Falling In and Out of Love with HARRY POTTER
I was 11 years old when I fell in love with Harry Potter for the first time. It was the summer between 5th and 6th grade and I managed to avoid camp for another year. By August I had already finished my entire required reading list and was itching to find something new to get me through the last few weeks. I remember picking up a copy after scouring the library: Harry Potter and the Prisoner of Azkaban. I started reading it right then and there, settling into a cozy spot between two stacks. One, maybe two, hours passed before my mom tore me away from the story to head home. I was hooked.
It’s amazing how visceral and real that memory still feels. I can still see it. The hippogriff on the cover, the stained library carpet, the old broken coffee pot on the librarian’s desk. I knew right there that I was holding on to something special. Harry Potter remained a constant in my life from that very moment.
I was 28 when I fell in love with someone for the first time. My opening line was something about us both loving Seamless and Harry Potter, must be fate right?
Our first date was in a cocktail bar in New York City. We spent hours flirting over drinks, discussing what house we’d be sorted into—I was a Ravenclaw who was desperate to tap into her Gryffindor side. I don’t remember what he said, but I do remember the rightness, the joy, that I felt. Here was someone who loved the series as much as I did. Who, I imagined, had consumed the books with the same childlike wonder, flashlight clutched tightly under the covers, turning page after page desperate to know if Harry and friends would make it through the latest disaster.
Our love of Harry Potter was just the spark that lit a match, from there we quickly fell in love. July 31st was our anniversary, Harry Potter’s birthday, a fact we both giggled over. To celebrate after a year together, we made the trek to The Wizarding World. I flirted with Stanley Shunpike, found my wand at Olivanders (dragon core) and drank one too many butterbeers. It felt like the climax of my story, something that had been building up from that very first moment in the library when I was 11 years old. It had all led up to this moment in this magical place with this beautiful man, I was swept away.
Cue the ominous music.
Do you remember in Harry Potter and the Sorcerer’s Stone where Harry finds the Mirror of Erised? The mirror that shows you what you desire most? I think every fan wonders what they would see. The old me would have said something about walking down the aisle to a Kishi Bashi tune, the man I loved waiting on the other end (in a smart suit and a new haircut). Three years and a broken engagement later—my answer has changed. I won’t go into the reasons we aren’t together anymore; that would take too much time. What I can say is that I’ve lost a partner, a best friend, and a future—on top of that, I’ve lost the ability to find comfort in this story that brought me so much joy.

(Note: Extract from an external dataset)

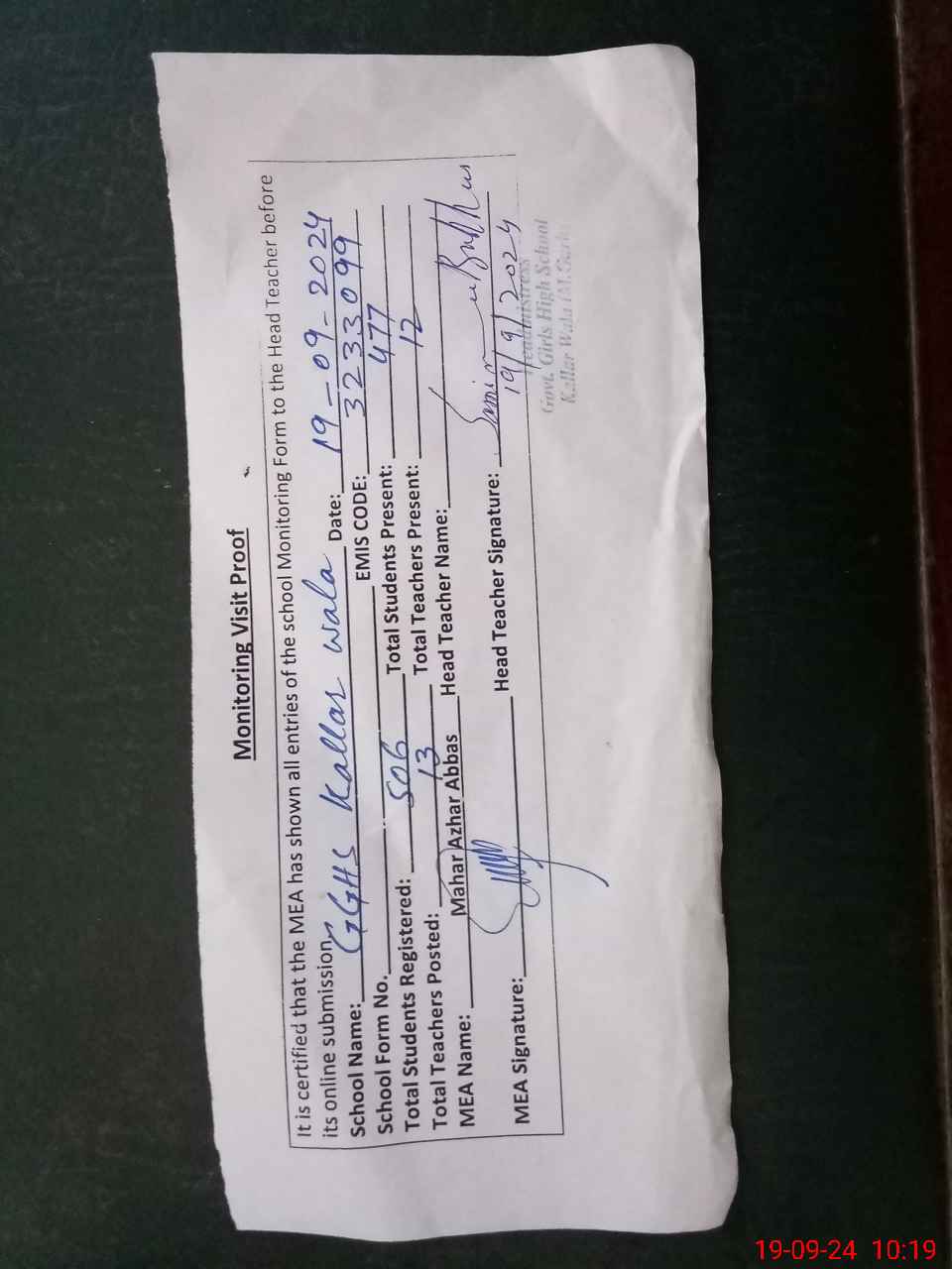 | EMIS Code: 32330099 | Name of School: GGHS KALLAR WALA | |||

I packed my books away in a chest under my bed because even looking at them are a reminder of what I’ve lost.
It’s been nearly six months and I wish I could say that it’s become easier, that I picked up a copy of Harry Potter and The Prisoner of Azkaban again and it was all OK, that I was able to get through the first chapter without shaking. But that would be a lie. I’m not there yet. Maybe in a few months, I’ll read a few more words, and a few more in the months after. Maybe I’ll watch Harry Potter and the Half-Blood Prince on a rainy weekend. Or maybe not. I simply don’t know. The only thing I can say with any certainty is that I can’t allow this to be another thing that gets taken away from me because before it was ours, it was mine.
This series and everything that it has meant to me over the past 20 years of my life is not something I’m ready to give up without a fight.